The smartest AI fed bad data is just a confident mistake-maker.
That is the instinct worth building. Not "AI is amazing" and not "AI is dangerous." Just this: the output of an AI system is a direct function of the data that shaped it. No amount of computational sophistication changes that relationship.
The Three Ways Data Goes Wrong
There are three failure modes worth understanding, because they show up at every level of AI use.

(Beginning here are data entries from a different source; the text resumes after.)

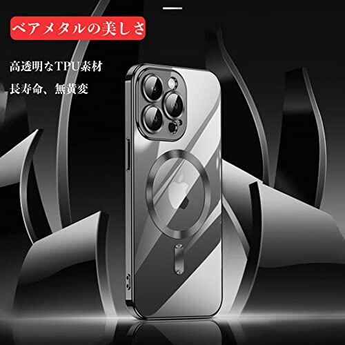 iyite iPhone 15 ケース ハイブリッドケース HaloLock付き MagSafe対応 磁気充電 iphone15ケース アップグレードされた電気メッキの ソフトシェル 米軍MIL規格 SGS認証 衝撃保護 傷に強い背面 クリア 黄変しにくい ストラップホール付き 6.1インチ ブラック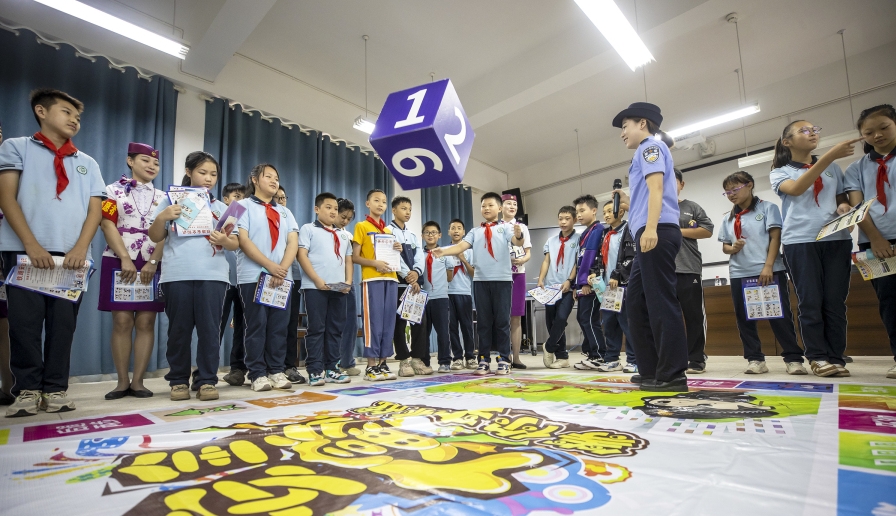 9月11日至17日,2023年國家網(wǎng)絡(luò)安全宣傳周在全國范圍內(nèi)統(tǒng)一開展。成都鐵路公安局重慶公安處組建安全宣傳小分隊(duì)到重慶科學(xué)城含谷中學(xué)校,針對(duì)網(wǎng)絡(luò)安全、電信詐騙、出行安全等,開展宣傳教育活動(dòng)。圖為9月12日,民警組織學(xué)生開展“安全大富翁”互動(dòng)游戲。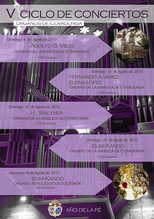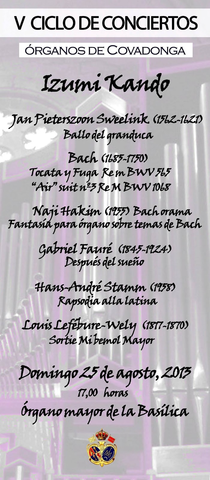 Miércoles 28 de agosto, 19:00 horas. V Ciclo de conciertos «Órganos de Covadonga», Órgano Realejo (siglo XVIII) de la Real Colegiata de San Fernando: Izumi Kando. Obras de J. P. Sweelink, Theodor Grünberger, Bernardo Storace, Félix Antonio Máximo López Crespo, J. H. Knecht, J. S. Bach y J. Kaspar (von) Kerll.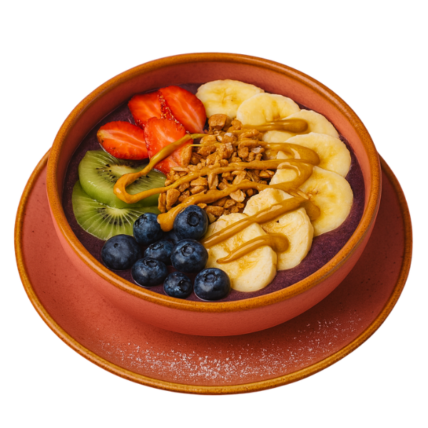 Un tazón lleno de energía y frescura: cremoso açaí amazónico, naturalmente dulce y antioxidante, servido bien frío y acompañado de frutas frescas de temporada, crujiente granola y un toque de miel.

1. Missing groups. If the training data does not include enough examples of a particular type — a skin tone, an accent, a handwriting style, a medical condition — the AI will perform worse on that type. It cannot learn what it was never shown.
2. Wrong labels. If data is labelled incorrectly during collection, the model internalises the errors. The mango-as-apple problem. Labels are the ground truth the model trusts completely.

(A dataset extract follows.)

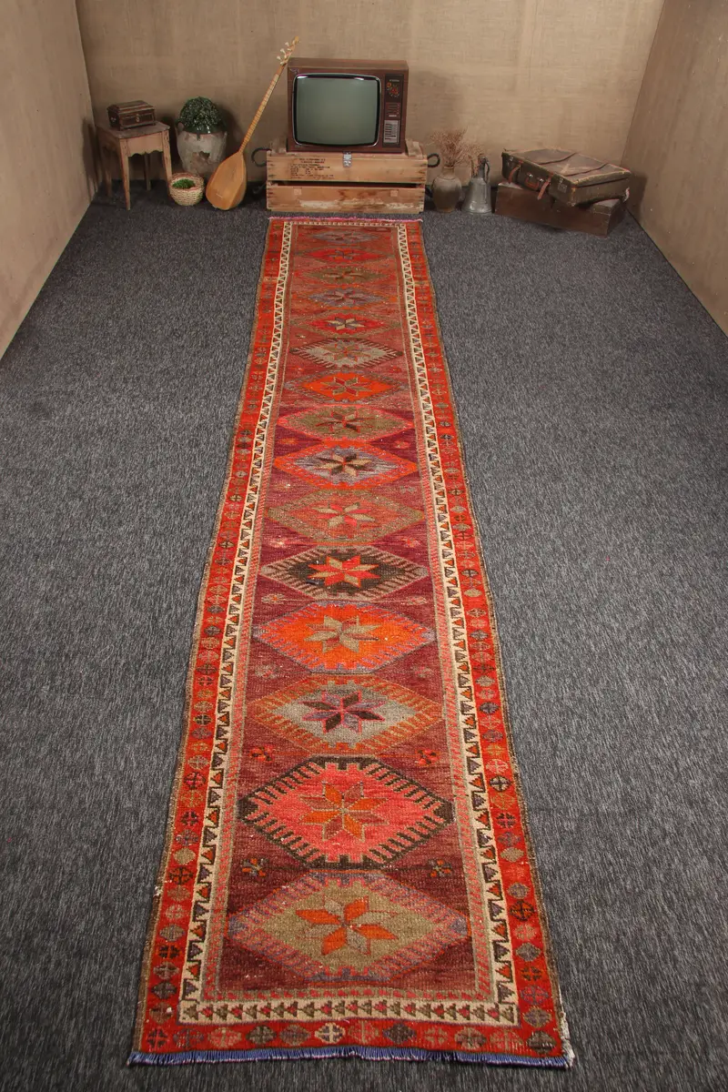 Türk Vintage Küçük Halı 3x15,8 ft (90x482 cm), Çiçek unsurları ile Turuncu Geometrik Herki Halı

3. Outdated data. An AI trained on last year's information will reflect last year's patterns. A language model trained on text from a decade ago will not know current events, changed terminology, or updated guidance. The world changes; the frozen training data does not.
Each of these problems produces a system that is operationally functional but subtly (or not so subtly) wrong.

Why This Matters Before the Model Exists
Here is a detail that surprises most people: the data decisions happen before the AI is built. By the time engineers are tuning a model, the character of the output is already largely determined by the composition of the training set. Data collection is not preparation for the real work — data collection is the real work.
This is why AI4K12's Big Ideas framework treats Representation and Reasoning, and Learning, as foundational concepts. Understanding that an AI represents the world through data — and that it learns exclusively from that data — is the conceptual foothold that makes every other AI topic legible. How a model reasons about a photo, a sentence, or a medical scan all flows directly from what it was shown during training.
The UNESCO AI Competency Framework for Students places "AI techniques and applications" at the centre of what students need to understand, precisely because students who understand data will ask the right questions about any AI output they encounter.
The Practical Read-Across
For parents, this reframes one common worry about AI in helpful ways. The concern is often: "What is the AI going to do to my child?" A more useful question asks what data the AI was trained on and whether that data represents the child's context. It moves from vague anxiety to specific, answerable inquiry.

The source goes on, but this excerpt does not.